It sometimes drives me crazy to see patients on Colace, or docusate sodium which is its generic drug name. It is known as a stool softener, fairly harmless drug. So many patients may get started on this medication if they have occasional or frequent constipation.  Yes pretty harmless … but also fairly useless too.  It has been shown that docusate sodium is not effective for treating chronic constipation.  As such, many patients who have or at risk for constipation will often need additional laxatives to help manage their constipation because docusate sodium alone is INEFFECTIVE.  Yet we see countless patients on this medication because it is known to be gentle and mild, so what’s the problem?

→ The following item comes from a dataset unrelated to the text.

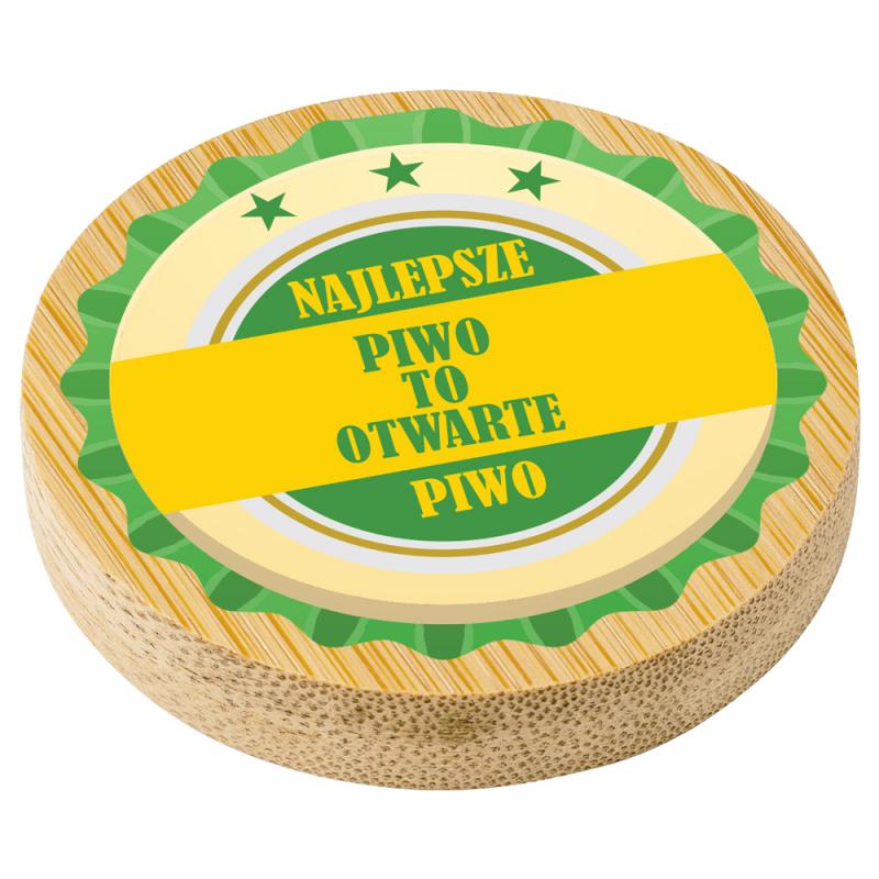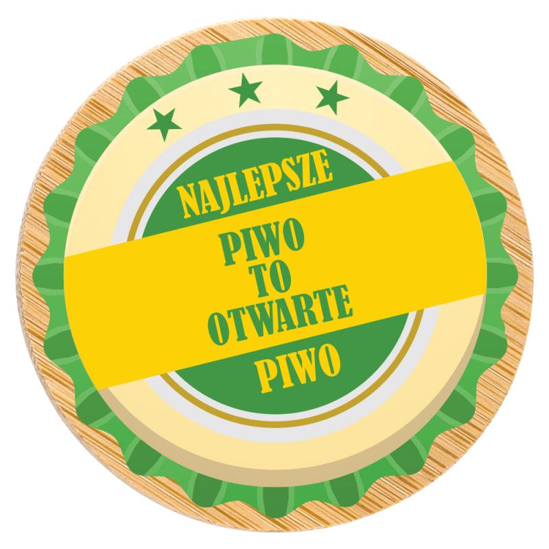 Drewniany otwieracz z magnesem i napisem "Najlepsze piwo to otwarte piwo". Praktyczny prezent dla fana piwa na urodziny, wieczór kawalerski i inne okazje.

Many elderly patients cannot swallow pills, so they end up taking their medications crushed and mixed with apple sauce or other soft food. The problem with docusate sodium is that it is a gel capsule that cannot be crushed. One nurse told me that she will use a needle to draw out the medication from the capsule and give to the patient. That’s creative… but takes a lot of work for such a useless drug.  Many times, the capsule may be switched to a liquid formulation so it may be easier to take.   Easier to take – yes but definitely not pleasant to take. If you haven’t tried to taste liquid Colace, you should try it. It looks like a chocolate thick liquid and it is GROSS. Again for such a useless drug that taste disgusting, why are we still shovelling it to the poor patient’s mouth. They have enough other pills to take already.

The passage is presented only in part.